The scientists said periods of inactivity are normal for the sun, but this period has gone on longer than usual.
"It continues to be dead," said Saku Tsuneta with the National Astronomical Observatory of Japan, program manager for the Hinode solar mission. "That's a small concern, a very small concern."
The Hinode satellite is a Japanese mission with the United States and United Kingdom as partners. The satellite carries three telescopes that together show how changes on the sun's surface spread through the solar atmosphere. MSU researchers are among those operating the X-ray telescope. The satellite orbits 431 miles above ground, crossing both poles and making one lap every 95 minutes, giving Hinode an uninterrupted view of the sun for several months out of the year.
Dana Longcope, a solar physicist at MSU, said the sun usually operates on an 11-year cycle with maximum activity occurring in the middle of the cycle. Minimum activity generally occurs as the cycles change. Solar activity refers to phenomena like sunspots, solar flares and solar eruptions. Together, they create the weather than can disrupt satellites in space and technology on earth.

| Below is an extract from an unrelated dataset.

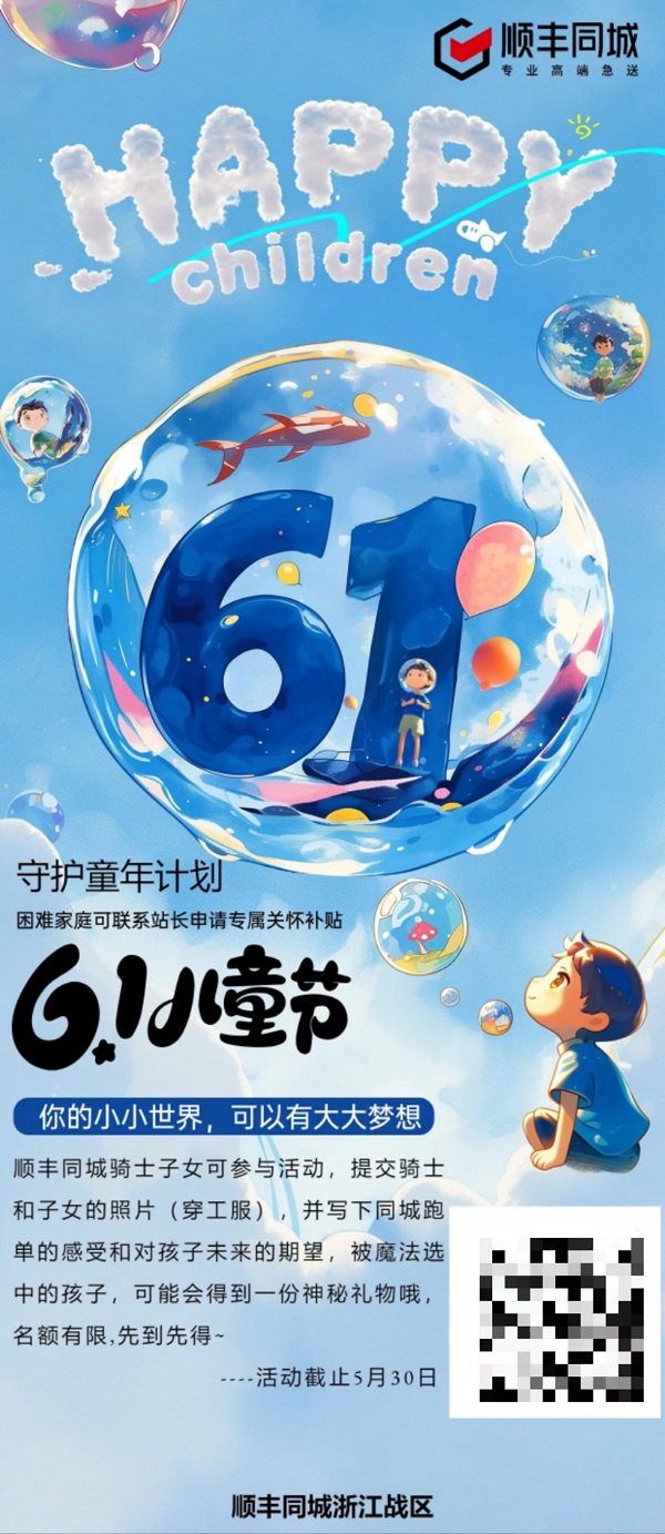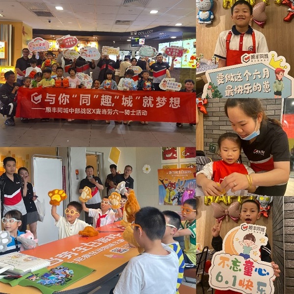 為慶?!傲弧眱和?jié)的到來(lái),順豐同城在全國(guó)范圍內(nèi)精心舉辦了系列活動(dòng)?!傲弧鼻跋?,為體恤山區(qū)留守兒童及困難家庭兒童,順豐同城在東北、廣州、佛山為孩子們送上了別具心意的禮物和關(guān)懷;為了給“騎士”和孩子們創(chuàng)造更多美好回憶,順豐同城在西北、深圳、東莞開(kāi)展了形式多樣的線下騎士親子活動(dòng),在河南、湖北、湖南聯(lián)合當(dāng)?shù)佧湲?dāng)勞舉辦了多場(chǎng)麥當(dāng)勞親子嘉年華活動(dòng),并在浙江推出“守護(hù)童年計(jì)劃”線上活動(dòng),“騎士”可通過(guò)分享親子合照、寫下對(duì)孩子的成長(zhǎng)寄語(yǔ)贏取獎(jiǎng)勵(lì)。此外,“六一”兒童節(jié)當(dāng)天,順豐同城還發(fā)起“曬親子合影,贏神秘好禮”線上活動(dòng),“騎士”通過(guò)視頻號(hào)發(fā)布親子照片并贏取神秘大禮。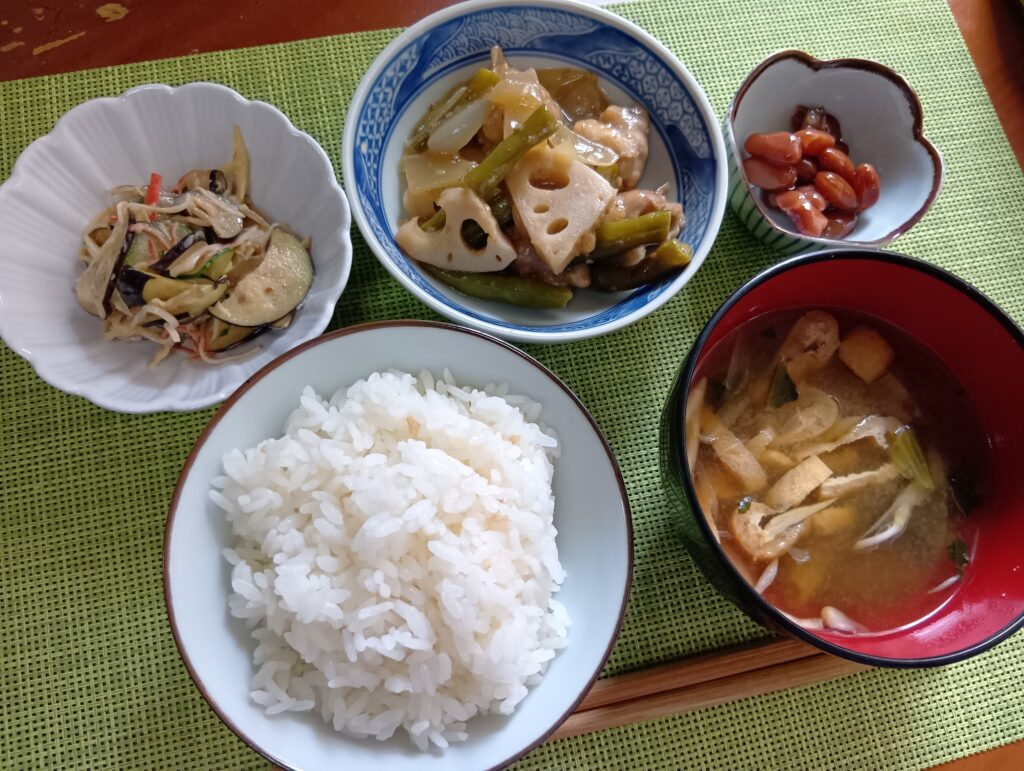 • 鶏とレンコンの甘酢炒め、胡瓜と茄子と茗荷のピリ辛和え、ほうれん草と茗荷のお味噌汁、ごはん、お豆

The last cycle reached its peak in 2001 and is believed to be just ending now, Longcope said. The next cycle is just beginning and is expected to reach its peak sometime around 2012. Today's sun, however, is as inactive as it was two years ago, and scientists aren't sure why.

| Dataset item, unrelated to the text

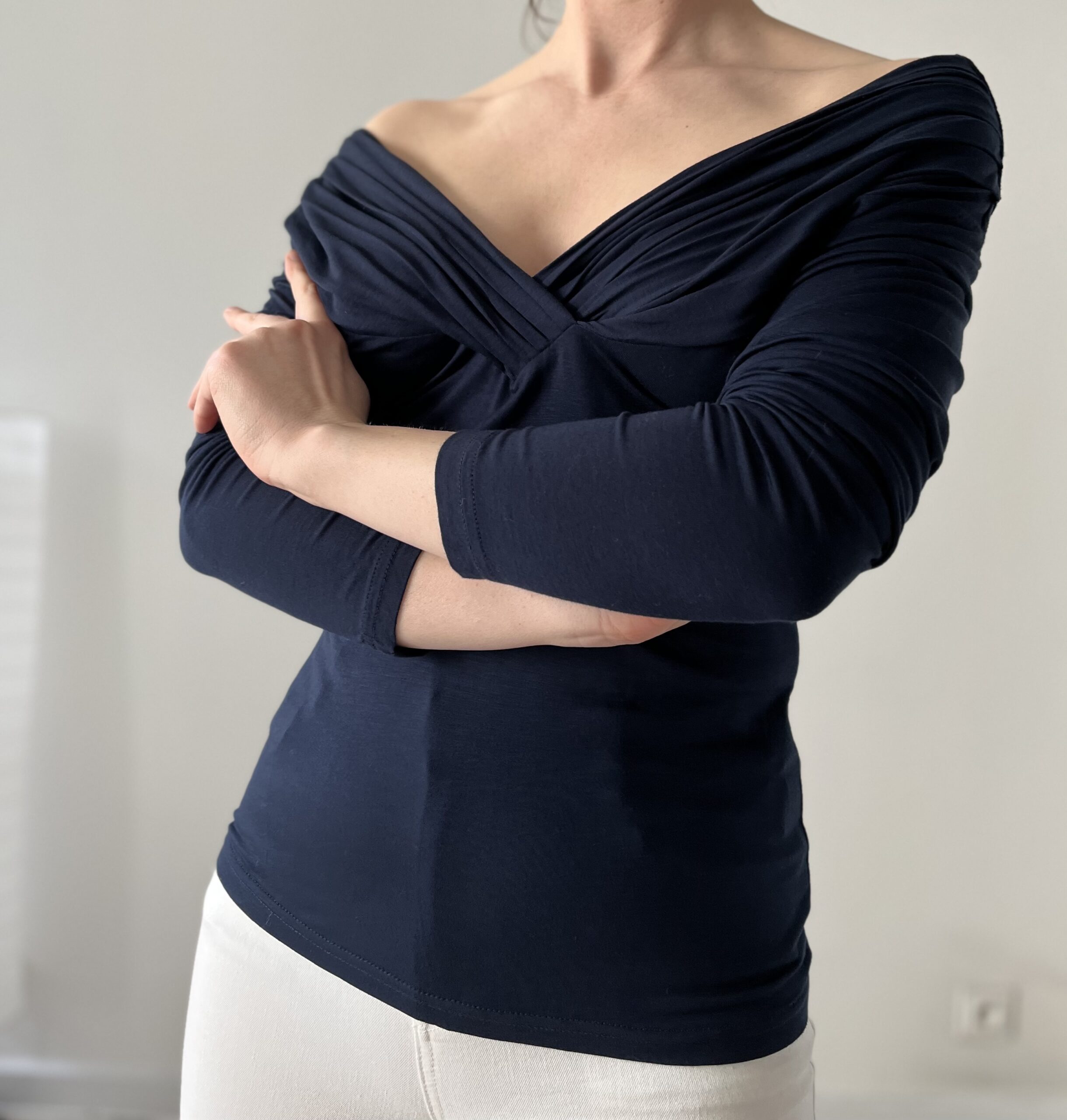 Granatowa bluzka 95% wiskoza 5% elastan.

"It's a dead face," Tsuneta said of the sun's appearance.
Tsuneta said solar physicists aren't like weather forecasters; They can't predict the future. They do have the ability to observe, however, and they have observed a longer-than-normal period of solar inactivity. In the past, they observed that the sun once went 50 years without producing sunspots. That period, from approximately 1650 to 1700, occurred during the middle of a little ice age on Earth that lasted from as early as the mid-15th century to as late as the mid-19th century.
Tsuneta said he doesn't know how long the sun will continue to be inactive, but scientists associated with the Hinode mission are ready for it to resume maximum activity. They have added extra ground stations to pick up signals from Hinode in case solar activity interferes with instruments at other stations around the world. The new stations, ready to start operating this summer, are located in India, Norway, Alaska and the South Pole.
Establishing those stations, as well as the Hinode mission, required international cooperation, Tsuneta said. No one country had the resources to carry out those projects by itself.
Four countries, three space agencies and 11 organizations worked together on Hinode which was launched in September 2006, Tsuneta said. Among the collaborators was Loren Acton, a research professor of physics at MSU. Tsuneta and Acton worked together closely from 1986-2002 and were reunited at the MSU conference.
"His leadership was immense, superb," Tsuneta said about Acton.
Acton, 72, said he is still enthused by solar physics and the new questions being raised. In fact, he wished he could knock 22 years off his age and extend his career even longer.
"It's too much fun," he said. "There's so much exciting stuff come up, I would like to be part of it."
In the past, they observed that the sun once went 50 years without producing sunspots. That period, from approximately 1650 to 1700, occurred during the middle of a little ice age on Earth that lasted from as early as the mid-15th century to as late as the mid-19th century.
Rut Roh, ManBearPig is also missing. Coincidence?
Bush’s fault.
Neither can the weather forecasters...............
On a side note, as a ham, the thought of another 50 year period with no sunspots makes me shudder.
What, don’t you like 160?
Sorry, it's a very LARGE concern. Global cooling would be a very, very bad thing. If it is happening, this country should be getting ready.
Instead, we're wasting time debating carbon cap-and-trade.
Yep, President Osama will fix...
I recently bought an $80 Celestron sun filter for my telescope. Of course there aren’t going to be any sunspots.
I was watching the weather channel this morning and the shrimping season in Louisiana is starting late because water temps just now got warm enough. They also had their tropical watch radar map up. Quiet as a mouse.
Sure, if I had the real estate for a full-sized antenna. :)
Oh, woe is me...
ping
There is a small sunspot emerging over the rim this morning. It looks to me like a mid-latitude spot which would make it from the declining cycle.
I hope so...this is our 4th 100 degree day and I'm getting a little sick of it.
Perhaps he meant: "Tsuneta said solar physicists aren't like weather forecasters; They (meaning the weather forecasters) can't predict the future.
For links to near-realtime images of the sun, see:
Latest SOHO images:
http://sohowww.nascom.nasa.gov/data/realtime-images.html
[I recently bought an $80 Celestron sun filter for my telescope. Of course there arent going to be any sunspots.]
A Ha! You are the culprit behind this nefarious plot to cool the Earth and deny the Gorebalists their long-sought control over humanity!
Just be happy that you didn’t spend $3000 on a solar telescope.